Entah. Aku tak tahu benar ini tentang cinta. Namun yang aku tahu, cinta memang berkorban sampai sebegininya. Pengorbanannya tak pernah terbatas. Sayangnya kadang tak pernah berbalas.

Akan tetapi apakah cinta yang agam harus bertahan sampai lebam?

Pundakku tak punya kata lelah menampung segala resah dan air matamu untuknya. Ya, tak pernah untukku. Kamu menangis kepadaku, tapi tangisanmu bukan untukku. Setelah semua yang aku lakukan, seketika kamu tersenyum kepadaku, tetapi kemudian menyimpan sebagian besarnya untuk dia.

Jangan salahkan aku terus mendoakanmu bersedih, karena hanya saat itu kamu datang, duduk di sampingku, merebahkan kepala di pundakku.

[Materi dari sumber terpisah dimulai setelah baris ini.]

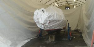 Small boat blasting in the shop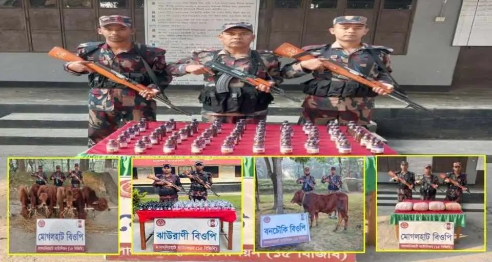 লালমনিরহাট ব্যাটালিয়ন (১৫ বিজিবি) এর দায়িত্বপূর্ণ সীমান্ত এলাকায় চলমান চোরাচালান ও মাদকবিরোধী কার্যক্রমের অংশ হিসেবে গোয়েন্দা তথ্যে ভিত্তিতে বিভিন্ন বিওপির বিশেষ টহলদল ০৫টি পৃথক অভিযান পরিচালনা করে ভারতীয় গরু, ফেন্সিডিল, ইস্কাফ সিরাপ ও গাঁজা জব্দ করেছে। এসব অভিযানে বিজিবি সীমান্ত নিরাপত্তা ও মাদকবিরোধী কার্যক্রমে তাদের অটুট অবস্থানের প্রমাণ উপস্থাপন করেছে।
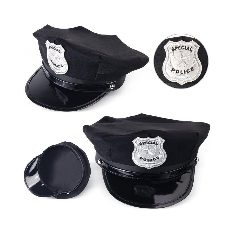 Complete your outfit with this classic police hat, ideal for Halloween and themed appearances. The timeless black design, combined with the metallic badge on the front, gives an authentic style of the uniform and makes the look instantly recognizable.

BENANG KUSUT menuju hatimu



Foto: spesial

Mencintai kamu tak pernah mudah. Seperti mengumpulkan sekeping demi sekeping peta menuju hatimu. Sudah kususuri lika-likunya, akan tetapi tak kunjung mencapai cintamu. Bahkan sampai menyentuh pun tidak.

Kadang aku tak mengerti, apakah aku yang tidak cukup berusaha meraihnya, atau jalan menuju ke sana yang terlalu rumit? Ya, aku sedang berbicara tentang hatimu. Jika kamu memang punya perasaan yang sama denganku, mengapa bisa serumit ini?

Atau kamu hanya berusaha memperumitnya agar aku tak pernah sekalipun berhasil sampai ke sana?

Apakah cinta seperti ini? Hanya satu pihak yang berusaha meraih ke pihak lainnya?

Aku yakin itu, cintamu begitu berharga. Oleh karenanya aku rela mati berdiri sambil mencari jalan menuju ke sana. Namun apakah arti cintaku bagimu? Sehingga semuanya harus selalu aku. Apakah hatiku tak cukup berharga bagimu sehingga kamu tak berusaha menggapainya sama sekali?

Aku merasa langkah yang harus aku tempuh menujumu seperti benang kusut. Dan aku terjerat di dalamnya. Tak pernah menggapai ujung, tak juga mampu keluar.

Tolonglah, sayang, jangan biarkan aku mencari yang lebih sederhana. Aku hanya mau kamu. Maka, maukah kamu menyederhanakan cinta?

Sederhanakan cinta. Sesederhana namaku diucap ibu dalam doa.

Lembaran Baru yang Tertinggal



Halaman demi halaman aku tulis, bersama kamu. Sekian lama harusnya kisah ini cukup kamu mengerti. Atau aku mestinya cukup pahami. Namun cinta tak pernah sederhana. Pahit, iya.

Pena dengan tinta hitam kita ukir selengkung demi selengkung. Beberapa halaman penuh coretan karena amarah yang merana, atau kadang terciprat cemburu yang memburu.

Semuanya kita lanjutkan, karena aku anggap hidup harus terus berlanjut. Dan cinta ini, adalah hidup. Setidaknya bagiku. Aku sudah meninggalkan halaman usang di belakang. Aku berpegang sampai nyawa ini kuregang, kamu yang aku sayang. Setidaknya sampai rasa itu hilang. Entah terjadi atau tidak, ah, jika iya rasanya begitu malang.

Aku mencintamu dengan terlanjur. Aku rela merebahkan jasad hingga terbujur. Kamu diam seribu bahasa, aku lelah menenun asa. Sekali lagi, tak bisakah kamu menunggu? Mencoba mengerti? Atau mungkin sedikit saja pahami? Yang aku tulis dalam hati selalu kamu yang kucintai.

Pegang pena ini bersama, guratkan kisah kita.

Ah, maaf, cerpen kita maksudku. Nampaknya cerita ini terlalu singkat untuk disebut kisah.